3. Results and discussion
To exemplify, the mean spectra (Mean Value and Standard Deviation) of 25 cartilage spectra and 25 bone-spectra of animal #1 are shown in Fig. 2 . Spectral analysis of the other animals yielded similar results. To exemplify, the most prominent peaks existing in the spectra of both tissue samples were used to show the standard deviation of all of the 50 spot-measurements (5 Spectra x5 Spots x 2 Tissues) of animal #1 (Fig. 2). The elements and a molecule with prominent emissions common to both tissue types, found under the measurement conditions of this study, were Ca, Na, K and CN (Fig. 2).
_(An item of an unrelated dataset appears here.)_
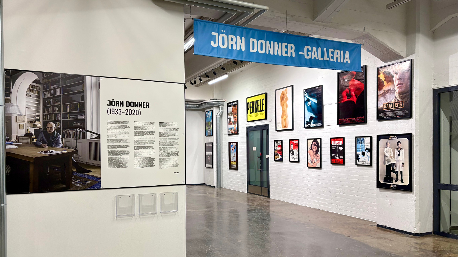 Gallerian julisteet kattavat Jörn Donnerin elokuvauran esikoisfiktiosta Syyskuinen sunnuntai (1963) hänen viimeiseen pitkään fiktioonsa Armi elää! (2015). Sattuvasti Armi elää! kuvattiin lähes kokonaan Kaapelitehtaan Pannuhallissa, joka on nykyään osa Tanssin taloa. Lisäksi galleriassa on esillä Donnerin yhdessä Erkki Seiron ja Jaakko Talaskiven kanssa ohjaama kulttimaineeseen noussut dokumentti Perkele! Kuvia Suomesta (1971) sekä Donnerin tuottamista elokuvista mm. Ingmar Bergmanin Fanny & Alexander (1982), joka palkittiin parhaan ulkomaisen elokuvan Oscarilla.

Already, a difference in wavelength-associated intensity values between bone and cartilage tissue can be observed.
The LIBS spectra of cortical bone exhibit more prominent atomic spectral lines than those of cartilage. This may be owed to the higher concentration of the elements in bone than in cartilage [38]. LIBS measurements of the two different tissues yielded similar tissue specific results in all of the investigated animals. Similar spectral features within tissues of one class but different features between classes were successfully demonstrated. This indicates that the concentration of the elements responsible for the emissions at the monitored peaks is different in the two classes of tissues.
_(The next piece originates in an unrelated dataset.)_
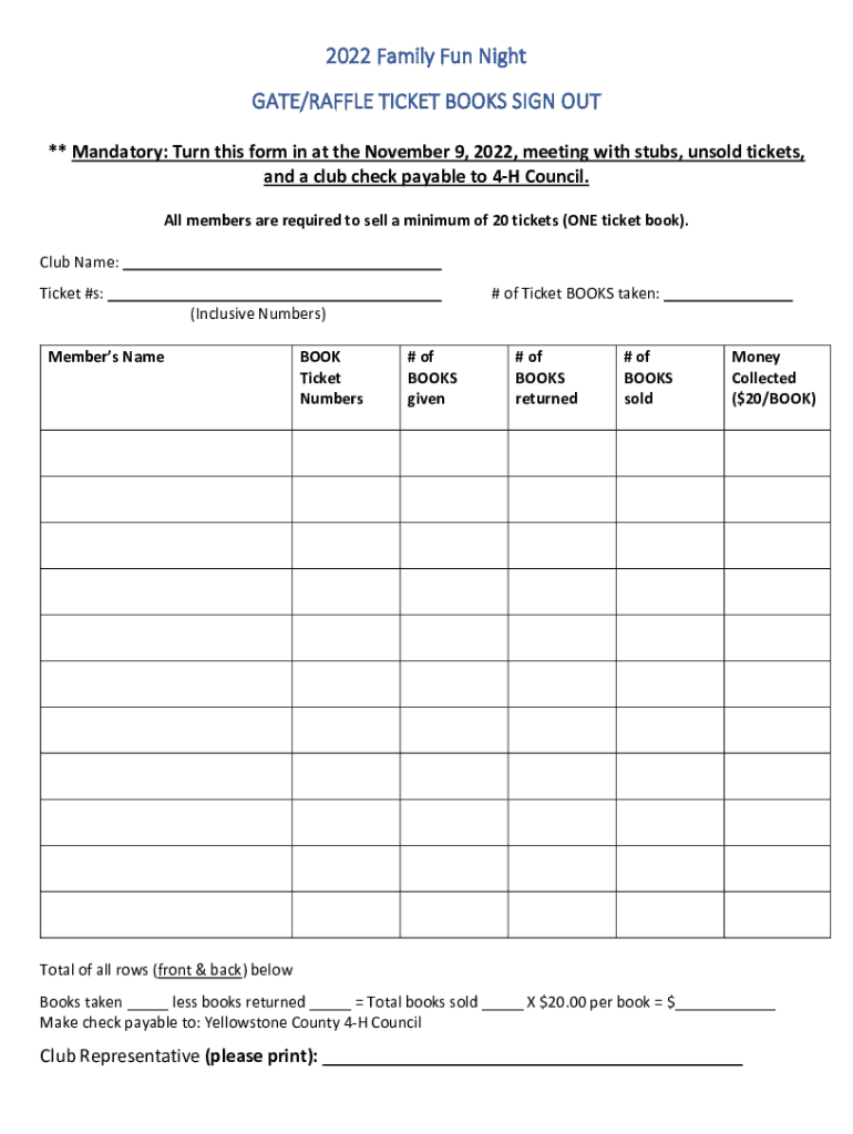 2022 Family Fun Night GATE/RAFFLE TICKET BOOK PROCEDURE 1. Gate/Raffle Ticket Books. Ticket books must be closely controlled! Stress to the members that they are responsible for the ticket books signed

When comparing the LIBS spectra of cortical bone and cartilage, the spectra collected from the bone samples were observed to have much more prominent atomic spectral lines under the conditions of the experiments. This may result from the higher number of excited atoms due to the higher density of cortical bone [33, 39]. Based on the results obtained, three approaches may be taken to perform the differentiation: based on unique emission lines in the spectrum of cortical bone; based on the ratio values calculated from the intensity level of the atomic spectral lines that are common to both tissue types; or based on statistical analysis techniques. However, the use of unique emission lines can be an unstable approach when higher excitation energies are used. Higher excitation energies may provide spectra with common emission lines differing only in intensity levels as the qualitative elemental composition of the two tissues is similar. Calculation of the ratio values among the emission lines and statistical analysis techniques were attempted to differentiate between both tissue types.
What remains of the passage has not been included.